Do gene set enrichment test for cell types in reference + query control using Bayes Factors.
[38]:
kang_pbmc_control = kang_pbmc[kang_pbmc.obs['condition_joint']=='control'].copy()
q_intr_cvae.latent_enrich(groups='cell_type', use_directions=True, adata=kang_pbmc_control, n_sample=10000)
[ ]:
fig = sca.plotting.plot_abs_bfs(kang_pbmc_control, n_cols=3, scale_y=2.6, yt_step=0.6)
[40]:
fig.set_size_inches(16, 34)
[41]:
fig
[41]:

Plot the latent variables for query + reference corresponding to the constrained and unconstrained extension nodes.
[42]:
terms = kang_pbmc.uns['terms']
select_terms = ['constrained_0', 'unconstrained_0', 'unconstrained_1', 'unconstrained_2']
idx = [terms.index(term) for term in select_terms]
[43]:
latents = (q_intr_cvae.get_latent(kang_pbmc.X, kang_pbmc.obs['study'], mean=False) * kang_pbmc.uns['directions'])[:, idx]
[44]:
kang_pbmc.obs['constrained_0'] = latents[:, 0]
kang_pbmc.obs['unconstrained_0'] = latents[:, 1]
kang_pbmc.obs['unconstrained_1'] = latents[:, 2]
kang_pbmc.obs['unconstrained_2'] = latents[:, 3]
[45]:
sc.pl.scatter(kang_pbmc, x='unconstrained_2', y='constrained_0', color='condition_joint', size=10)
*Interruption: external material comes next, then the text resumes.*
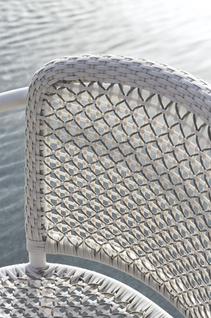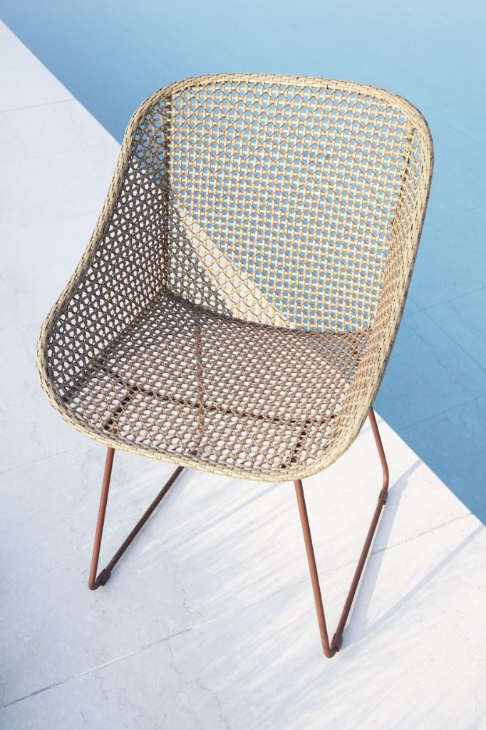 Colette 24, inspired by the informal elegance of Parisian bistro seating, is an outdoor chair that brings the charm of France to outdoor settings. It features a steel tubular frame treated for outdoor use, painted in a matte okidol finish. Woven in Colette Resin.

Note that the signal associated with the program learned by unconstrained_2
was enriched in stimulated condition compared to control. Here, the cells are separated by their latent scores for unconstrained_2
, which suggests that this node is indeed capturing the variation induced by IFN-beta stimulation.
[46]:
sc.pl.scatter(kang_pbmc, x='unconstrained_2', y='constrained_0', color='cell_type', size=10)

[47]:
sc.pl.scatter(kang_pbmc, x='unconstrained_1', y='unconstrained_0', color='cell_type', size=10)
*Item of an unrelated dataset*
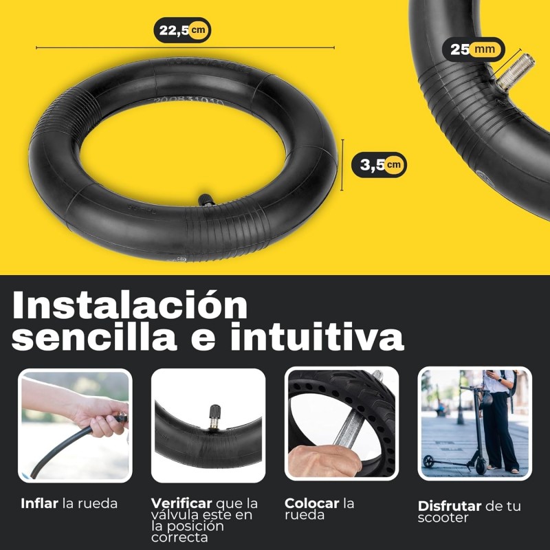Este produto inclui duas câmaras de ar reforçadas, ideais para substituir as câmaras antigas do seu skate elétrico ou trotinete. Fabricadas com materiais de excelência, estas câmaras garantem alta durabilidade e desempenho.

Recall that unconstrained_1
was differentially enriched in CD14+ Monocytes. Therefore, this node is capturing the CD14+ Monocyte cell type variation.
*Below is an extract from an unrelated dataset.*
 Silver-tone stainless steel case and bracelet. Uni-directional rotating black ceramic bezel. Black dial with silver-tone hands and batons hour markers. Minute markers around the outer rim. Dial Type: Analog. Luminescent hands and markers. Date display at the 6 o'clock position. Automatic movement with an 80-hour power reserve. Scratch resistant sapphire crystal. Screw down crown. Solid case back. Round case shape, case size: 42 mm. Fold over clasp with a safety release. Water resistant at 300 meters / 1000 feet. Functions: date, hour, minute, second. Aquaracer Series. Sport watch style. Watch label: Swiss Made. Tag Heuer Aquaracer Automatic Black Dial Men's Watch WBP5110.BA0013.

Get genes from extension nodes sorted by their absolute weights in the decoder. Higher absolute value of the weight means that this gene is affected more by the gene program.
[48]:
q_intr_cvae.term_genes('constrained_0', terms=kang_pbmc.uns['terms'])
[48]:
genes | weights | in_mask | |
---|---|---|---|
0 | CD79A | -1.686799 | True |
1 | BLK | -1.411135 | True |
2 | CD19 | -1.384097 | True |
3 | BLNK | -1.166159 | True |
4 | CD79B | -1.164143 | True |
... | ... | ... | ... |
66 | STIM1 | -0.000940 | True |
67 | CERS4 | -0.000227 | False |
68 | HLA-DPB1 | -0.000045 | False |
69 | HLA-A | 0.000036 | False |
70 | KCNG1 | -0.000012 | False |
71 rows × 3 columns
[51]:
q_intr_cvae.term_genes('unconstrained_1', terms=kang_pbmc.uns['terms'])
[51]:
genes | weights | in_mask | |
---|---|---|---|
0 | RGS2 | 3.689368e-01 | False |
1 | CCL2 | -3.177418e-01 | False |
2 | TIMP1 | -3.089722e-01 | False |
3 | PLA2G7 | -2.966527e-01 | False |
4 | GMPR | -2.102084e-01 | False |
... | ... | ... | ... |
486 | PNPLA8 | 1.008977e-05 | False |
487 | HS2ST1 | 8.462230e-06 | False |
488 | SLC25A13 | -7.957511e-06 | False |
489 | SLC4A2 | -3.113702e-06 | False |
490 | EBF1 | 3.527966e-07 | False |
491 rows × 3 columns
[50]:
q_intr_cvae.term_genes('unconstrained_2', terms=kang_pbmc.uns['terms'])
[50]:
genes | weights | in_mask | |
---|---|---|---|
0 | IFIT3 | -0.341521 | False |
1 | IFIT1 | -0.338443 | False |
2 | IFIT2 | -0.335060 | False |
3 | CXCL10 | -0.334820 | False |
4 | ISG15 | -0.332265 | False |
... | ... | ... | ... |
391 | ZNF235 | -0.000018 | False |
392 | ILK | -0.000017 | False |
393 | RGS2 | 0.000017 | False |
394 | SLC44A1 | 0.000006 | False |
395 | FURIN | 0.000003 | False |
396 rows × 3 columns
Note that unconstrained_2
was capturing the variation induced by IFN-beta stimulation. Here, the genes from the Interferon Induced Protein gene family have the largest absolute weights in the program captured by this unconstrained node, certifying that the learned program is indeed capturing variations in gene expression due to activity of the inteferon signalling, which was induced by IFN-beta stimulation.